ACTIVITY: Everything from the line containing "Battles 秋季基礎刺綉重磅毛圈純棉長袖T恤男女薄款衛衣套頭寬鬆" down to the last line below should be set down exactly, and only that, without the pictures.

PROVIDED MATERIAL:
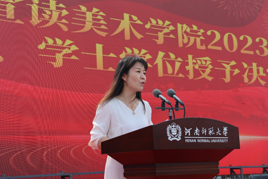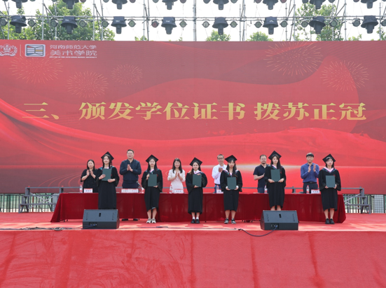 此次典礼在庄严的国歌声中拉开帷幕。仪式伊始,院党委书记孙红艳宣读《伟德官网下载苹果版美术学院2023届毕业生硕士、学士学位授予决定》,由院领导为毕业生代表颁授学位、拨苏正冠。之后研究生代表黄媛、本科生代表南甘霖与教师代表宋长江依次上台发言,言语抑扬顿挫,饱含真情。优秀校友代表、郑州大学新闻与传播学院副院长陈晓伟寄语同学,勉励大家牢记师大校训,传承师大精神,肩负师大荣辱,不负母校期盼。副院长王霄宣读伟德官网下载苹果版美术学院2023届毕业生优秀作品收藏名单,并由院领导为同学们颁发作品收藏证书。
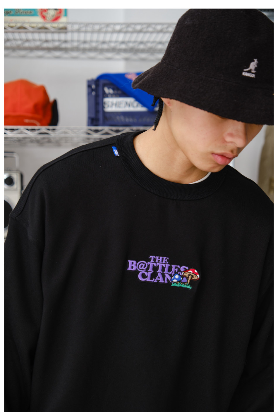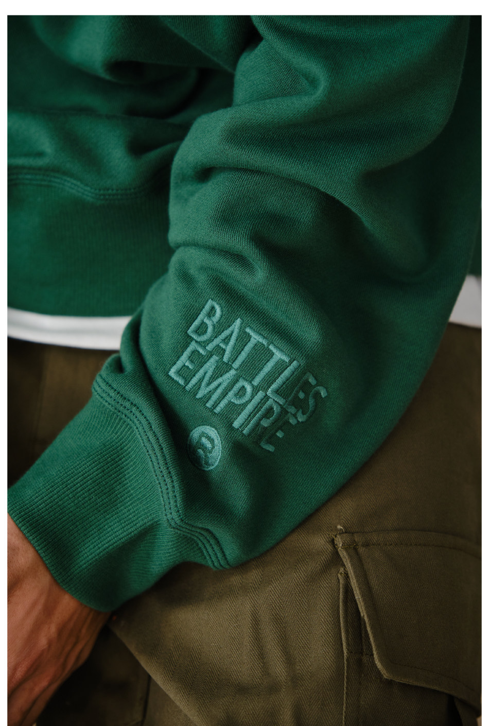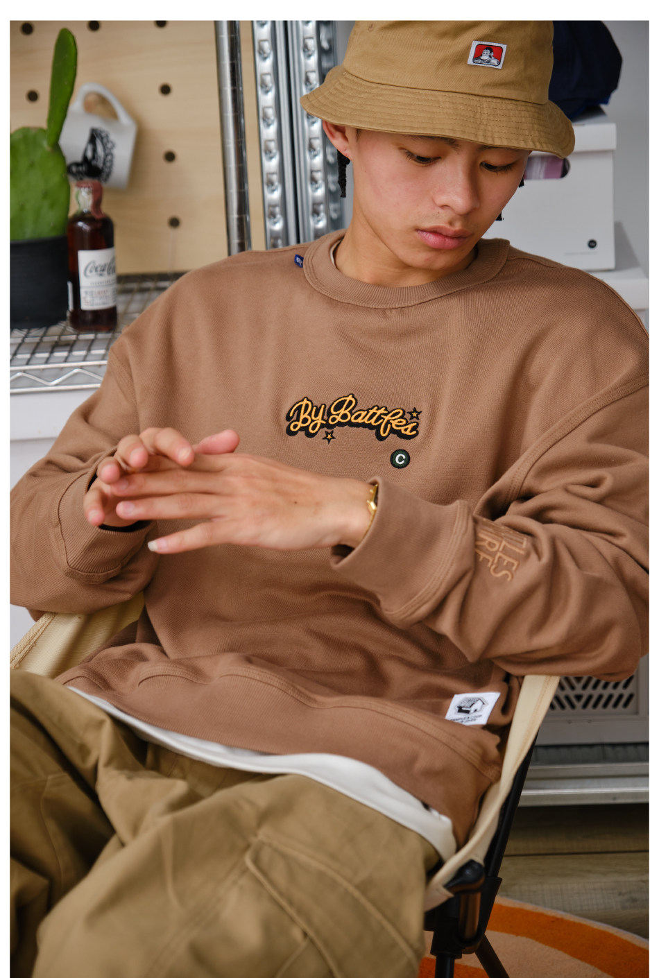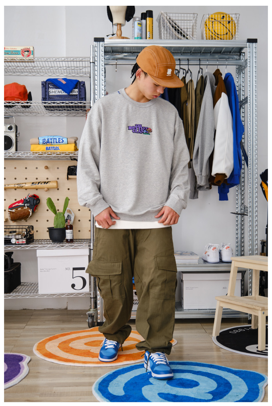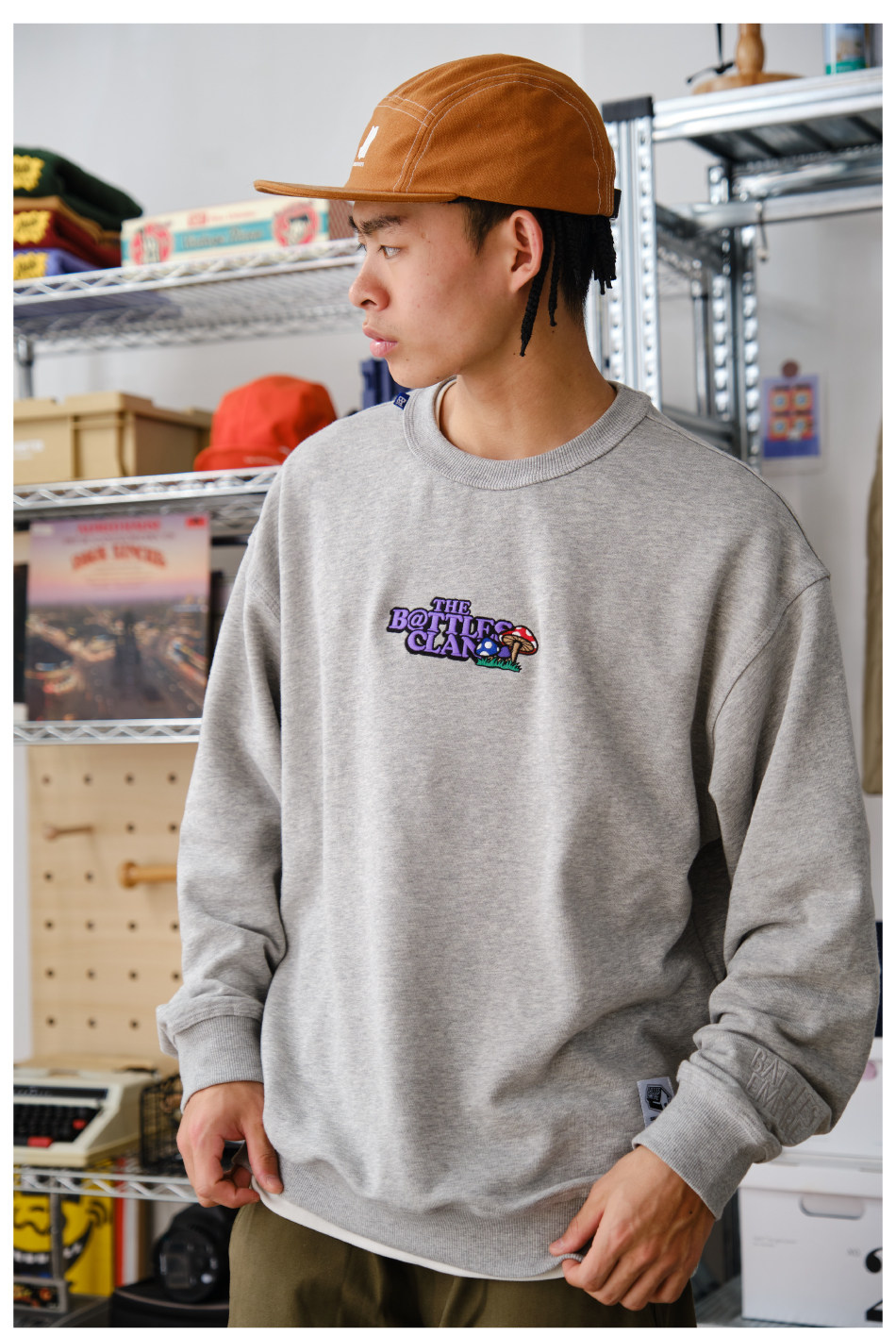 Battles 秋季基礎刺綉重磅毛圈純棉長袖T恤男女薄款衛衣套頭寬鬆
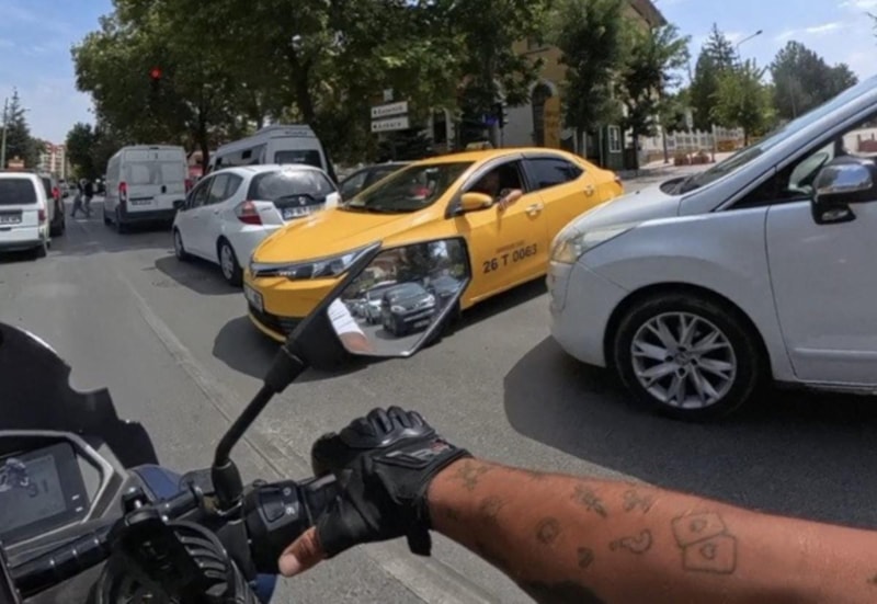 Son olarak, Eskişehir'in Odunpazarı ilçesi Atatürk Bulvarı üzerinde meydana gelen olayda, trafikte seyreden bir kurye, araçların arasından bir anda çıkan taksiyle kafa kafaya geldi.

SOLUTION FOR THIS PROBLEM:
 Battles 秋季基礎刺綉重磅毛圈純棉長袖T恤男女薄款衛衣套頭寬鬆
 Son olarak, Eskişehir'in Odunpazarı ilçesi Atatürk Bulvarı üzerinde meydana gelen olayda, trafikte seyreden bir kurye, araçların arasından bir anda çıkan taksiyle kafa kafaya geldi.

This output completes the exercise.